We are presented with the responses of
these three archetypes, and given something of a spirit of the moment. Courtney
hesitates, wanting someone else to make the decision. Lundvik says no. The
Earth, once polled, returns a unanimous ‘no’. Only Clara considers it as
anything approaching an option. If I were to guess, I’d say this is an
indication that it’s never the perfect time to have a baby – look for reasons
not to, and you’ll find them. Change is scary. It’s something of a novelty to
our 21st century that abortions are as widely available and as safe
as they’ve ever been, that when we are scared we actually have the option of
backing out. Our ancestors had little option of backing out, were forced to be
courageous. No-one is forcing the 21st century to be courageous. We
have to be courageous by choice – and f*** me if that isn’t the scariest kind
of courage there is.
The conclusion after assessing all the
influencing factors is that a decision can only be based on what is needed by
the mother. THIS is why being ‘pro-choice’ is so important: To respect
individual autonomy, to stand by the idea that even a wrong choice for you is the
right choice for her, and hers to make.
But that’s just the start of being
pro-choice. Some might respect The Doctor for standing back, but from Clara’s
position, it is clear that The Doctor is making a crucial error:
“Womankind: it’s your choice. Some decisions are too
important not to make on your own.”
~ The
Doctor
The decision itself is a mother’s alone. But that doesn’t mean leaving her without
perspective, without support or assurance or information or a companion should
she ask for one to be there with her. Being
pro-choice does not mean removing yourself from an issue. It means being there
before, during and after the choice is made, so as to allow the maximum number
of choices a person could ask for. The idea of non-influence fails, the
smallest baby has moon-sized repercussions to the lives around it. If you make
the choice to walk out on that, to be a ‘non-influence’, then stay out. But if
you want to actually help, let the mother know it. Be an influence. Let them
know your stance as pro-life or pro-death, and let them know what you plan to
do based on their decisions.
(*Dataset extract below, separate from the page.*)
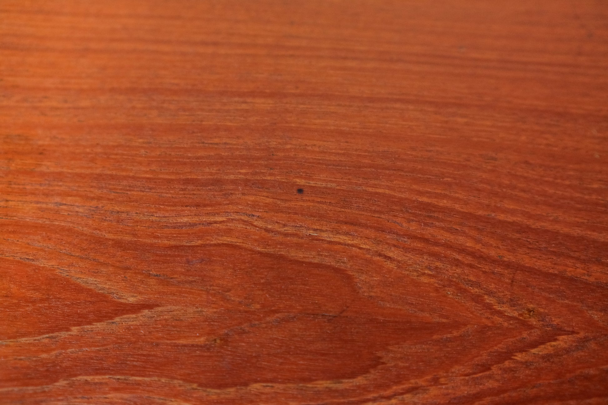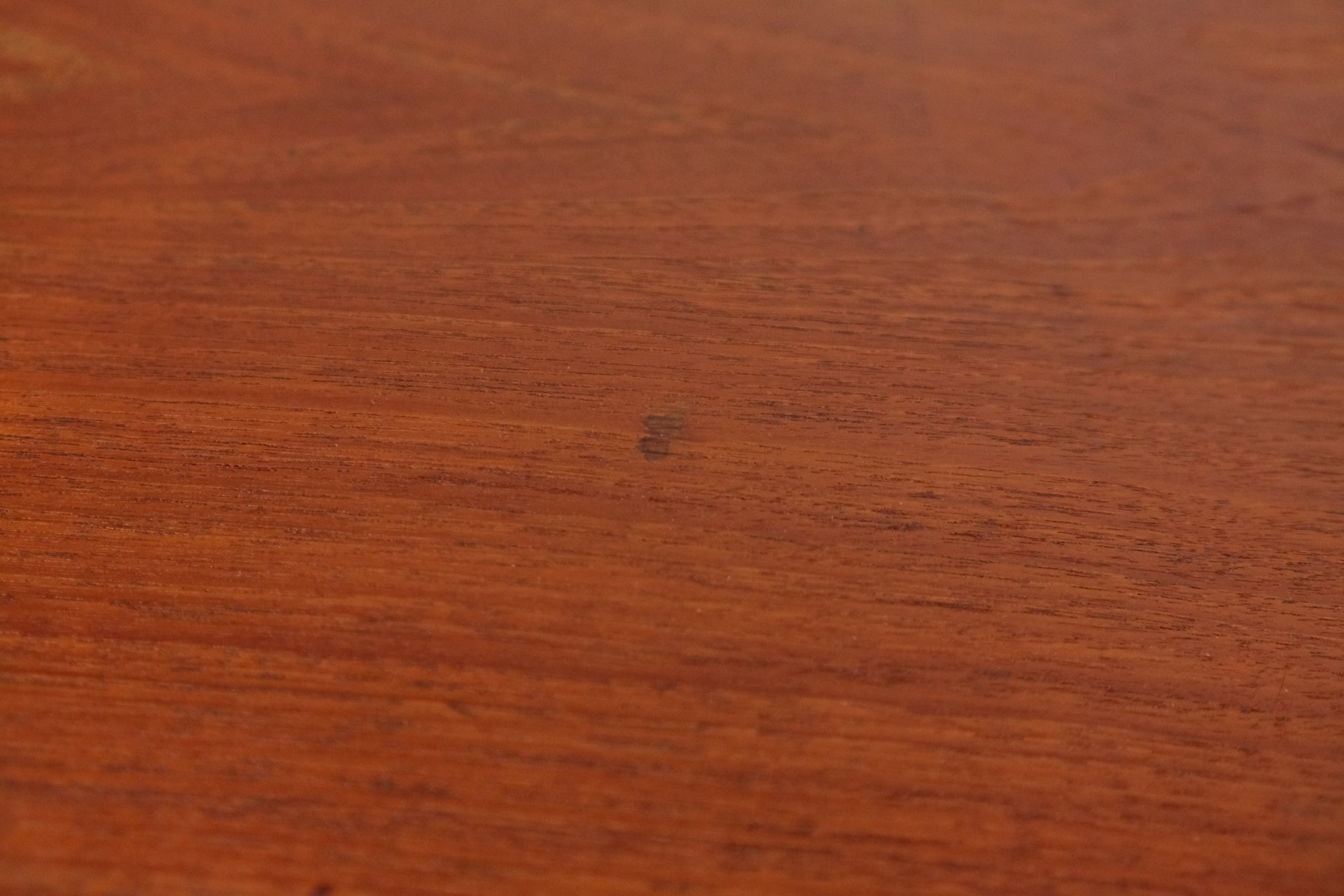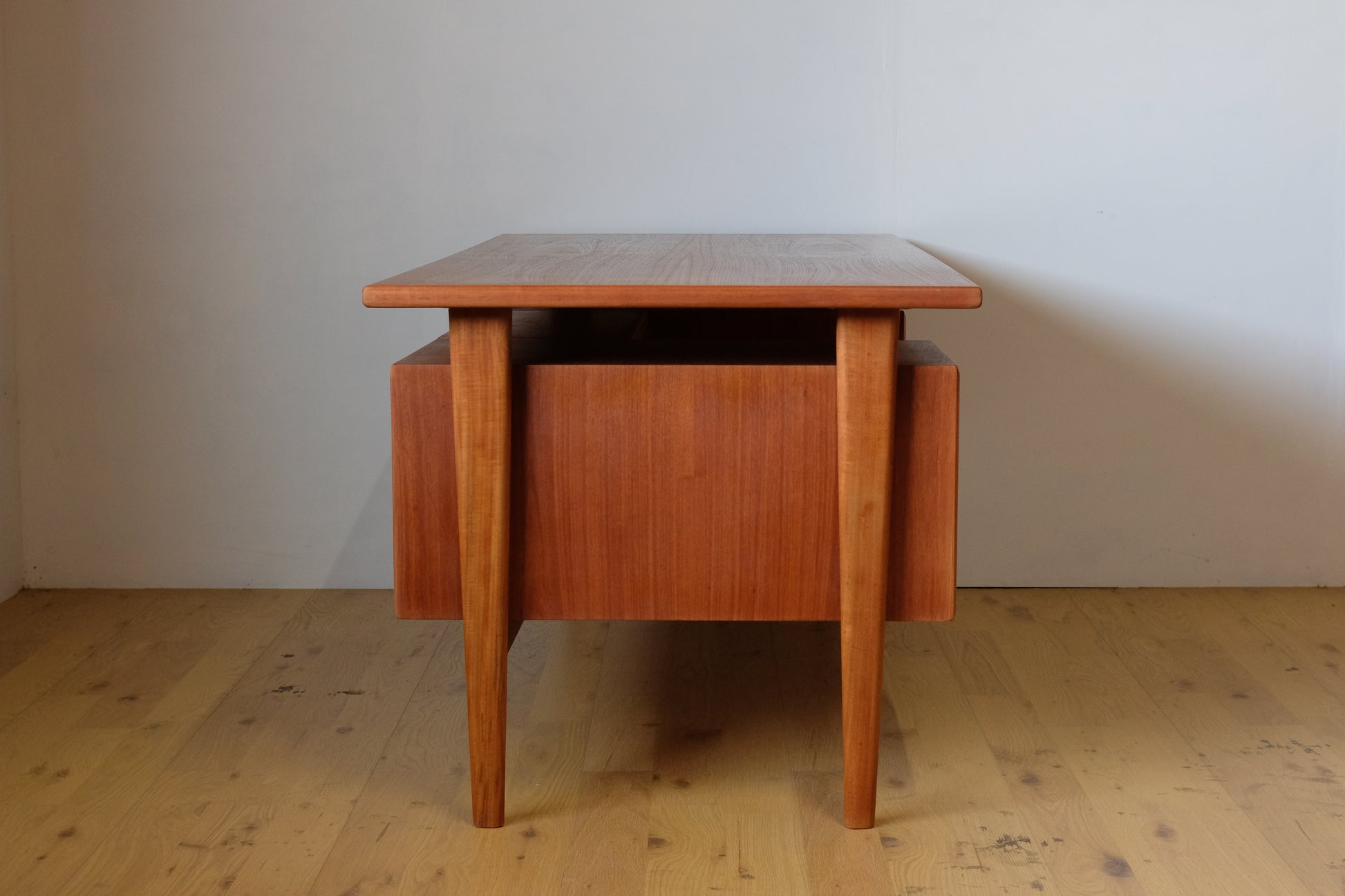 このデスクは、彼の哲学そのままに、清潔感あふれる直線と繊細な仕上げを融合させています。ローズウッドやチークを用いた中でも、天板の繊細な浮遊構造や、収納構成の美しさは特筆に値し、当時から現在に至るまでコレクターから高い評価を受け続けています。

And if you are a total a-hole, raising a picket
outside a clinic while having no intention of actually helping a mother raise a
baby, maybe reconsider that instead of shaming people for making a difficult
choice, you could make it an easier choice by focusing on making our galaxy a
fit place for a little alien to live.
The adventure winds down in the TARDIS with
Clara ripping into The Doctor, and ends with the rift Danny foresaw coming
between Clara and The Doctor in the last episode, where the Doctor pushes her
too far by making her follow an order without explaining it. By leaving her to
make a decision with such a narrow margin of choice – by forcing her to believe
any action she took would kill without a promised cause – he made her hate him
quite a bit.
***
Now, when making a decision about your
abortion, or in the unlikely case that a planet you are part of has a moon that
is about to hatch birth, remember:
There are times when a mother is worn out
by births, unprepared, or suffering, and will not survive the process even
should they live through it. In such cases an abortion is a very necessary
thing.
But there are also times when life is stagnant;
a mother is fat, happy, but afraid of change and the pain of it. Times when a
planet has turned in upon itself because it believes there is nothing great in
life: and in such cases, there is a very, very good reason to choose to have a
baby.
“The mid 21st Century. Humankind starts creeping off
into the stars. Spreads its way through the galaxy to the very edges of the
universe. And it… Endures. Till the end of time.”